Is it possible to do this?

Thanks!

Indispose answered 23/5, 2014 at 22:2 Comment(0)
V
74

You want

coef(summary(fit))[,4]

which extracts the column vector of p values from the tabular output shown by summary(fit). The p-values aren't actually computed until you run summary() on the model fit.

By the way, use extractor functions rather than delve into objects if you can:

fit$coefficients[2]

should be

coef(fit)[2]

If there aren't extractor functions, str() is your friend. It allows you to look at the structure of any object, which allows you to see what the object contains and how to extract it:

summ <- summary(fit)

> str(summ, max = 1)
List of 17
 $ call          : language glm(formula = counts ~ outcome + treatment, family = poisson())
 $ terms         :Classes 'terms', 'formula' length 3 counts ~ outcome + treatment
  .. ..- attr(*, "variables")= language list(counts, outcome, treatment)
  .. ..- attr(*, "factors")= int [1:3, 1:2] 0 1 0 0 0 1
  .. .. ..- attr(*, "dimnames")=List of 2
  .. ..- attr(*, "term.labels")= chr [1:2] "outcome" "treatment"
  .. ..- attr(*, "order")= int [1:2] 1 1
  .. ..- attr(*, "intercept")= int 1
  .. ..- attr(*, "response")= int 1
  .. ..- attr(*, ".Environment")=<environment: R_GlobalEnv> 
  .. ..- attr(*, "predvars")= language list(counts, outcome, treatment)
  .. ..- attr(*, "dataClasses")= Named chr [1:3] "numeric" "factor" "factor"
  .. .. ..- attr(*, "names")= chr [1:3] "counts" "outcome" "treatment"
 $ family        :List of 12
  ..- attr(*, "class")= chr "family"
 $ deviance      : num 5.13
 $ aic           : num 56.8
 $ contrasts     :List of 2
 $ df.residual   : int 4
 $ null.deviance : num 10.6
 $ df.null       : int 8
 $ iter          : int 4
 $ deviance.resid: Named num [1:9] -0.671 0.963 -0.17 -0.22 -0.956 ...
  ..- attr(*, "names")= chr [1:9] "1" "2" "3" "4" ...
 $ coefficients  : num [1:5, 1:4] 3.04 -4.54e-01 -2.93e-01 1.34e-15 1.42e-15 ...
  ..- attr(*, "dimnames")=List of 2
 $ aliased       : Named logi [1:5] FALSE FALSE FALSE FALSE FALSE
  ..- attr(*, "names")= chr [1:5] "(Intercept)" "outcome2" "outcome3" "treatment2" ...
 $ dispersion    : num 1
 $ df            : int [1:3] 5 4 5
 $ cov.unscaled  : num [1:5, 1:5] 0.0292 -0.0159 -0.0159 -0.02 -0.02 ...
  ..- attr(*, "dimnames")=List of 2
 $ cov.scaled    : num [1:5, 1:5] 0.0292 -0.0159 -0.0159 -0.02 -0.02 ...
  ..- attr(*, "dimnames")=List of 2
 - attr(*, "class")= chr "summary.glm"

Hence we note the coefficients component which we can extract using coef(), but other components don't have extractors, like null.deviance, which you can extract as summ$null.deviance.

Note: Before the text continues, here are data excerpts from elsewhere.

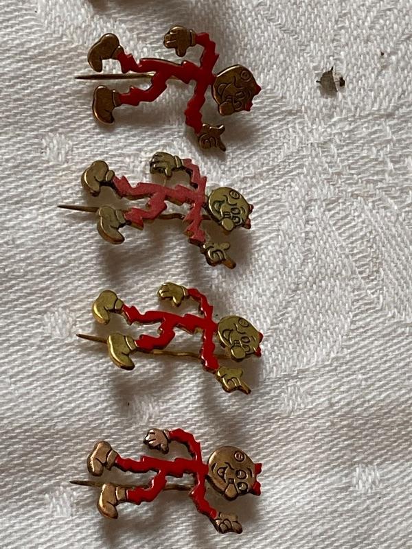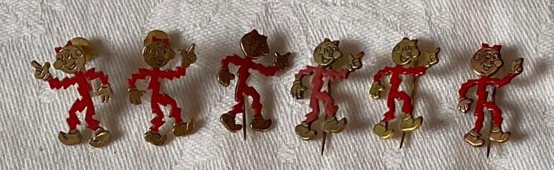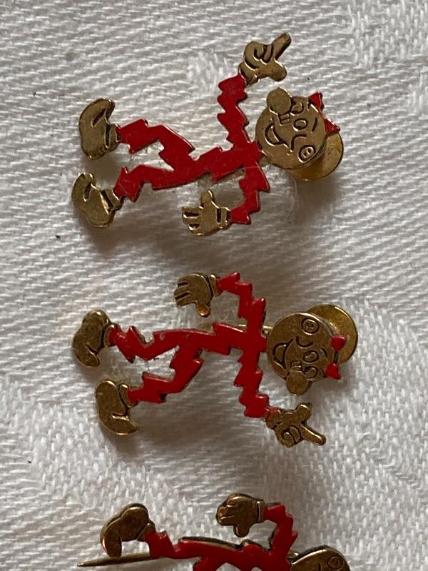 B-377 Pair of Vintage 1950’s Reddy Killowatt Screw Back Earrings and Four Lapel Pins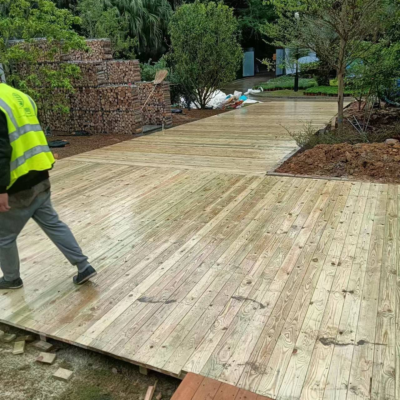东莞的气候特点是高温高湿,这对户外木材的考验极大。市面上有些小作坊为了赶工期,防腐药水只是喷在表面,看着像那么回事,里面全是生的。深筑在生产环节有着严格的标准,我们坚持使用符合国家标准的环保防腐剂,并通过真空高压渗透工艺,确保药剂深入木髓。我们生产出来的防腐木,无论是铺在水边栈道,还是暴晒的屋顶花园,都能有效抵抗白蚁侵蚀和真菌腐烂。厂家的信誉,全靠产品的耐用度来支撑。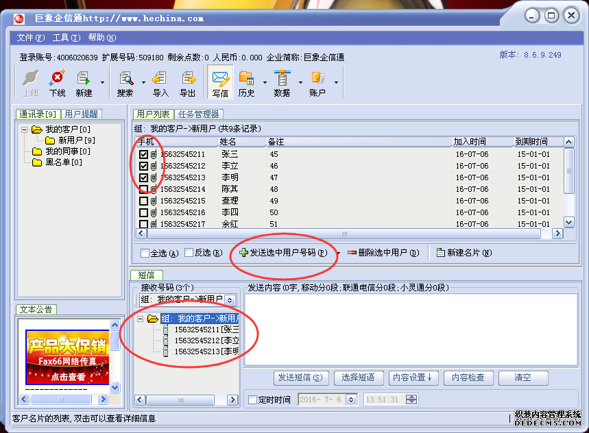 選擇所要發(fā)送號碼的文件夾,在號碼前畫∨再點“發(fā)送選中用戶號碼”所選號碼將出現(xiàn)在接收號碼對話框中。如下圖所示: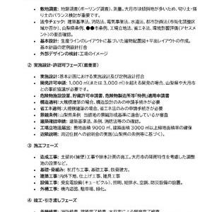 大規模工場建築の場合、大きく分けて「企画・基本設計」「実施設計・許認可」「施工」「試運転・操業準備」の4フェーズに分かれます。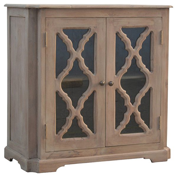 This sun bleached sideboard is crafted from solid mango wood with a sleek finish that highlights its carved details. Designed as a carved glazed sideboard, it features two glazed door cabinets, round metal knobs, and a sturdy plinth base, offering elegant and practical storage for living or dining spaces.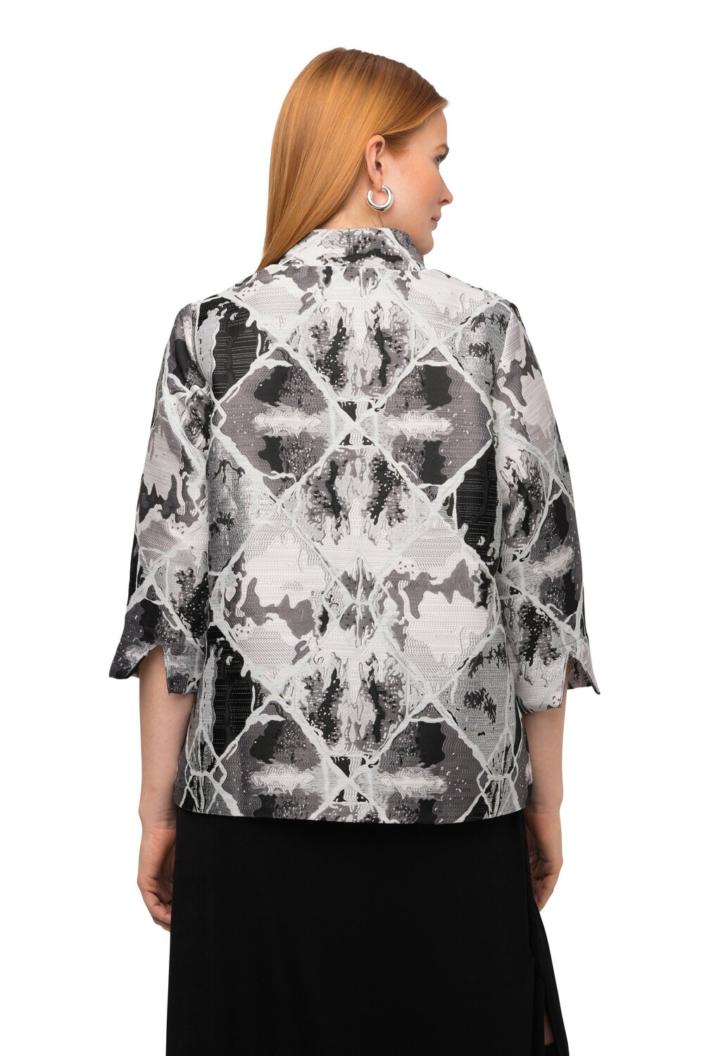 Блейзер свободного кроя из высококачественной жаккардовой ткани с инновационным клетчатым дизайном и элегантным металлическим эффектом. Свободный крой с воротником-стойкой, декоративными пуговицами и рукавами-тюльпанами 3/4. Подкладка полностью.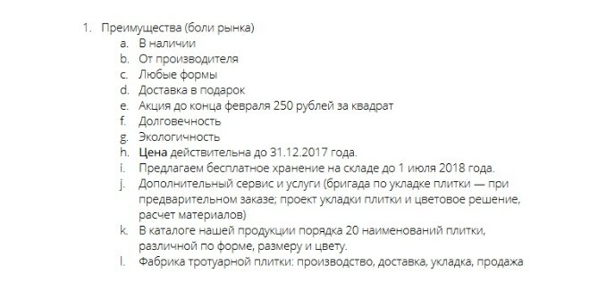 Первым шагом генерируем нишу и, чтобы определить востребованность продукта, проверяем количество запросов в Вордстате. Берем в разработку те, из которых понимаем, что человек хочет купить продукт, а не просто интересуется им: запрос «шапки оптом» — подходит, а «зимние шапки» — нет. Также смотрим, чтобы количество показов в месяц было больше 1 000. Перед созданием текстового прототипа делаем мониторинг конкурентов, которые рекламируются в Яндекс.Директе. Они тратят деньги на размещение, а значит, следят, чтобы на сайты приходила целевая аудитория. Поэтому внимательнее ищут проблемы потенциальных клиентов и указывают их решение у себя на сайтах. Причем мы начинаем анализ не с сайта, а с рекламного объявления.Потому что его задача — сконвертировать просмотр в переход. И именно поэтому конкуренты умещают в объявлениях максимальное количество преимуществ. Мы все их выписываем. Сайт анализируем не с точки зрения потенциального клиента, который изучает его за несколько секунд, а с первой до п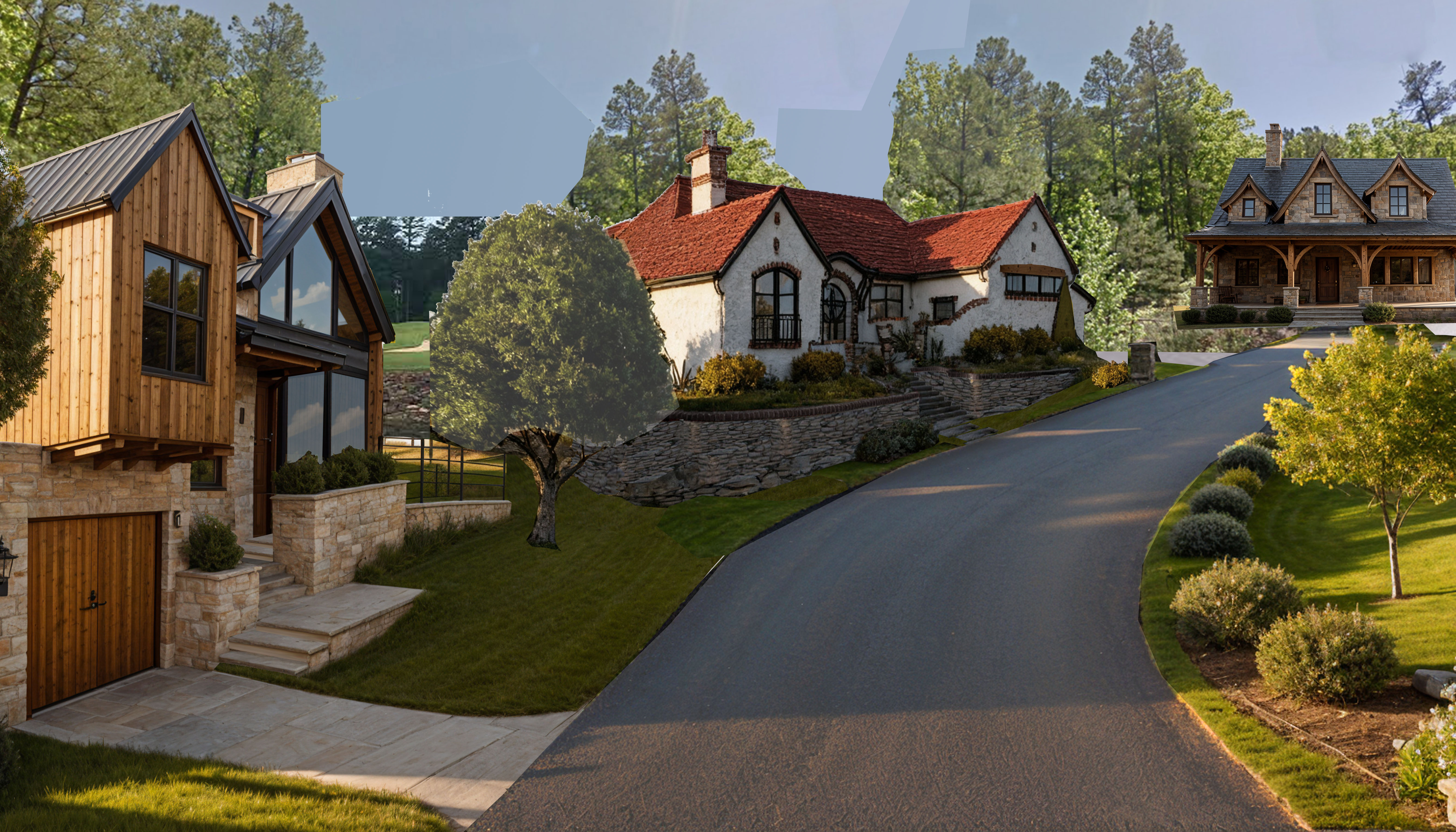 neighborhood in golf community show golf couse behind trees keep building materials the same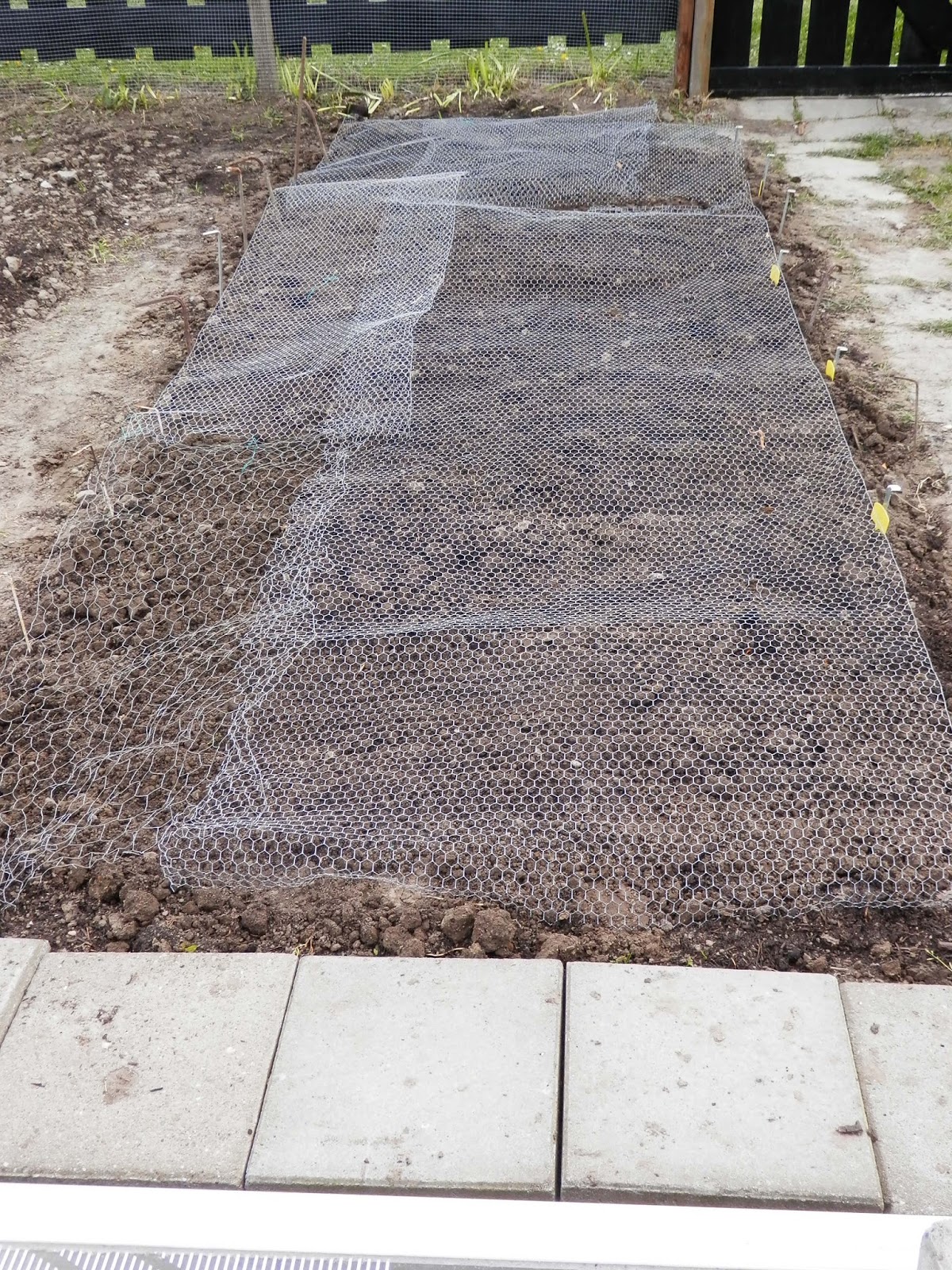 Verder nog compost gehaald en weer een paar bedden bewerkt, wortels gezaaid en plantuitjes gepoot. Ik heb verschillende wortelsoorten gezaaid> Parijse markt (Parijse worteltjes, dus sneller oogstbaar), Amsterdam (zomerwortel) en Flakkee en Berlikum (beiden winterwortels). Het kippengaas is ter bescherming tegen vogels want die houden erg van zaadjes.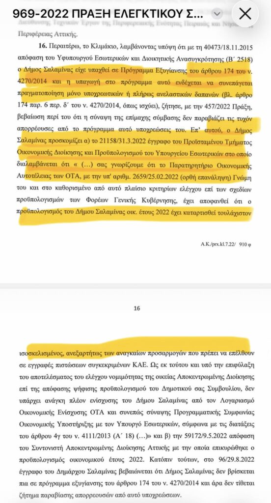 Η ίδια η απόφαση του Ελεγκτικού Συνεδρίου αναφέρει ότι, με βάση αυτά τα στοιχεία, δεν προκύπτει ανάγκη οικονομικής ενίσχυσης του Δήμου.
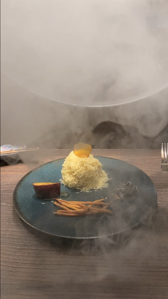 カウンターに席を取り、従業員の方が眼の前でセットを作っていたのですが、何やらドーム状のものをかぶせています。「それは何か?」と聞いたところ、芋フレーバーを注入するとのこと。蓋を取るとほんのり芋の香りが。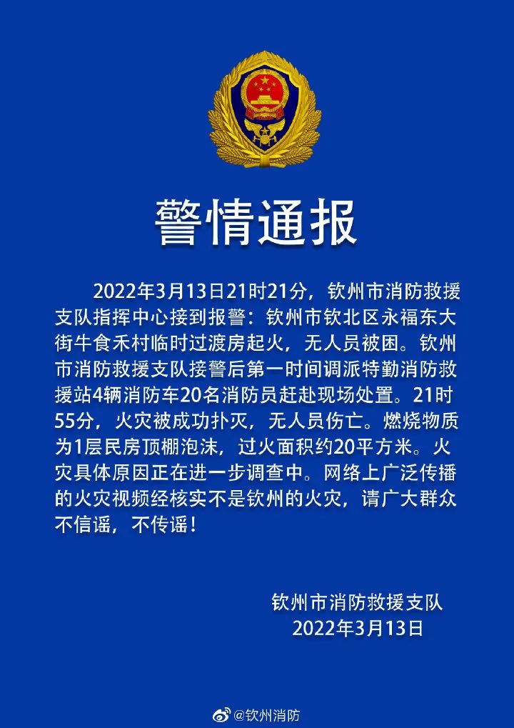 3月13日 21時許,欽州市欽北區(qū)永福東大街牛食禾村一臨時過渡房發(fā)生火災(zāi),21時55分火災(zāi)已成功撲滅,未造成人員傷亡,過火面積約為20平方米。目前火災(zāi)具體原因正在進一步調(diào)查中。網(wǎng)絡(luò)上廣泛傳播的火災(zāi)視頻經(jīng)核實不是欽州的火災(zāi),請廣大群眾不信謠,不傳謠!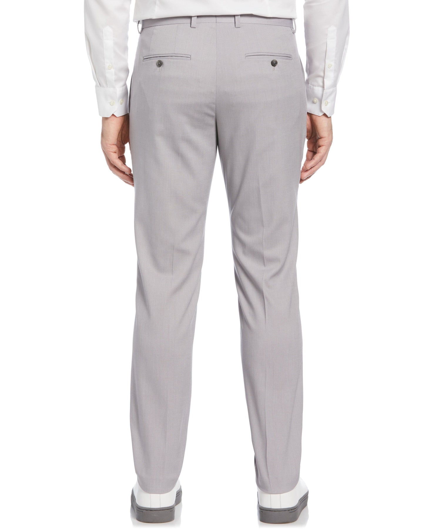 Keep your look sharp throughout the workday or at important formal events with these practical suit pants from Perry Ellis. The men's dress slacks are water-resistant to help prevent rain and spills from seeping into the material. The fabric features performance stretch to help it move with you comfortably throughout each hour of your busy day. The slim fit dress pants feature front and back pockets, as well as a hidden tech pocket that helps to keep small valuables secure while you’re on the move.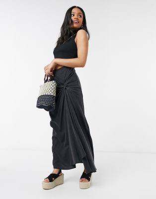ASOS DESIGN soft denim maxi skirt with ruching detail
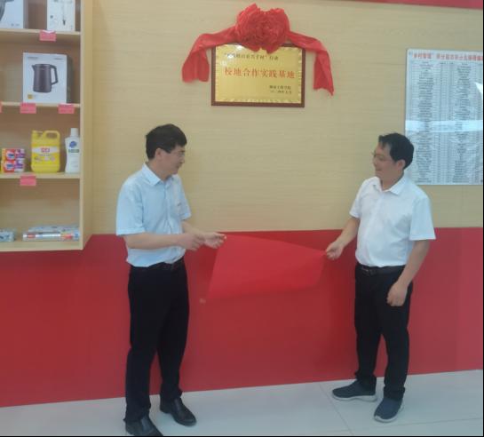 易兵、肖从贵为“百校联百县兴千村校地合作实践基地”揭牌,并与正在进行电商人才培训和助农直播实践教学与演示的管理学院消费帮扶直播团队朱春晖等师生亲切交谈。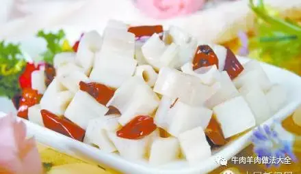 藕切丁,用水洗一下待用,油少量,八成热下丁,中火翻炒约一分钟,掰入干辣椒两个,盐少量,糖加不加都可以,少放一点。味精两粒。出锅。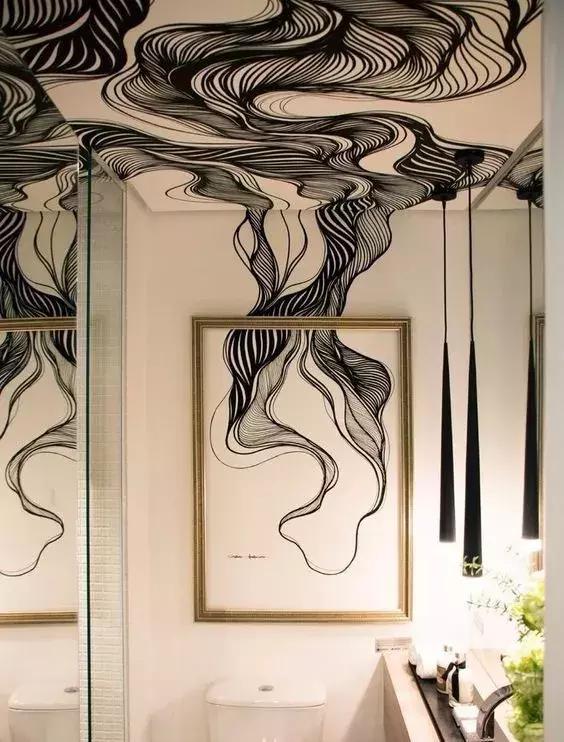 線條紋樣充滿張力,直接沖出畫框邊界,從墻面延伸至天花板,視線引導垂直空間融合向水平空間。
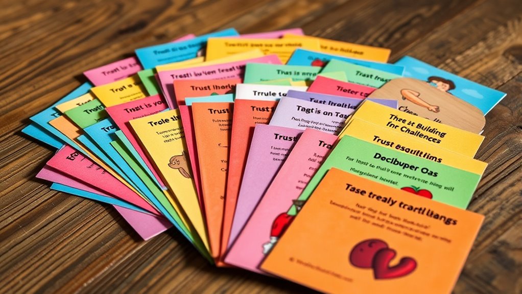 If you’re looking to strengthen relationships today, trust-building challenge cards are a great tool. From conversation starters and emotional intelligence prompts to trauma-informed and deepening connection cards, there’s a variety to fit different needs. These decks promote honesty, empathy, and understanding in personal, professional, and group settings. With attractive designs and versatile uses, they’ll help foster meaningful interactions. Keep exploring to find the best options tailored for your relationship growth journey.

Voluntaryism answered 23/5, 2014 at 22:5 Comment(13)
you beat me while I was looking for dupes (there aren't any perfect duplicates but there are a lot of posts about extracting stuff from [g]lm fits: e.g. #12496868 )Aeroscope
might be worth adding a comment on str() when you don't know what accessors are available and have to try to dig stuff out of the object for yourself.Aeroscope
Thanks @BenBolker. Have added something on str.Voluntaryism
Actually, I was using str() to try to figure out how to get the data, but I don't see where in the str() I can deduce that I need the coef() function to get what I'm looking for. I'm reading you're update and I still don't see that either...Indispose
@Ben I looked a few times for other posts but couldn't find any.Indispose
the way to find out about coef is to do methods(class="lm") or methods(class="summary.lm"). I agree that you can't figure out from looking at str() that you could use coef().Aeroscope
Actually, I can't even see in the methods(class="summary.glm") or methods(class="glm") output that I should be able to use coef() on the object. Could you please elaborate? Thanks!Indispose
I tend to use names(summ) or attributes(summ) to get at the attributes of an object; although this does not tell me the methods it gives me more compact info than str. Sometimes I use the frowned upon summ$coefficients if I'm not sure of the extractor function; I have not yet received an excommunication notice from the Church of R.Lentamente
@Clark Look at class(fit) and you'll see that a glm` fit inherits from class "lm" so you would need to look for methods for that class.Voluntaryism
I've been using this: cbind( coef(summary(model))[, 4], exp(coef(model)), exp(confint(model))) , but it takes a long time "Waiting for profiling to be done..." any suggestions as to how to fix this?Ionization
@Ionization don't use profile likelihood to compute confidence intervals for parameters (which is what the confint() method for GLMs is doing.Voluntaryism
thanks! @GavinSimpson, what should I use instead?Ionization
@Ionization well, there's a reason confint() is using profile likelihood - the usual Gaussian approximation can often give poor confidence intervals in GLMs. Unfortunately profiling the likelihood of the model takes time. You could form intervals on the link scale as beta_i +/- (2 * std_err_i) and then back transform those intervals to the response scale using the inverse of the link function, but that's using the gaussian approximation which can be problematic in some situations. Bootstrapping could also be used. That won't be quick either.Voluntaryism
A
12

Instead of the number you can put directly the name

coef(summary(fit))[,'Pr(>|z|)']

the other ones available from the coefficient summary:

Estimate Std. Error z value Pr(>|z|)

Astrid answered 24/1, 2018 at 9:22 Comment(0)
L
5

I've used this technique in the past to pull out predictor data from summary or from a fitted model object:

coef(summary(m))[grepl("var_i_want$",row.names(coef(summary(m)))), 4]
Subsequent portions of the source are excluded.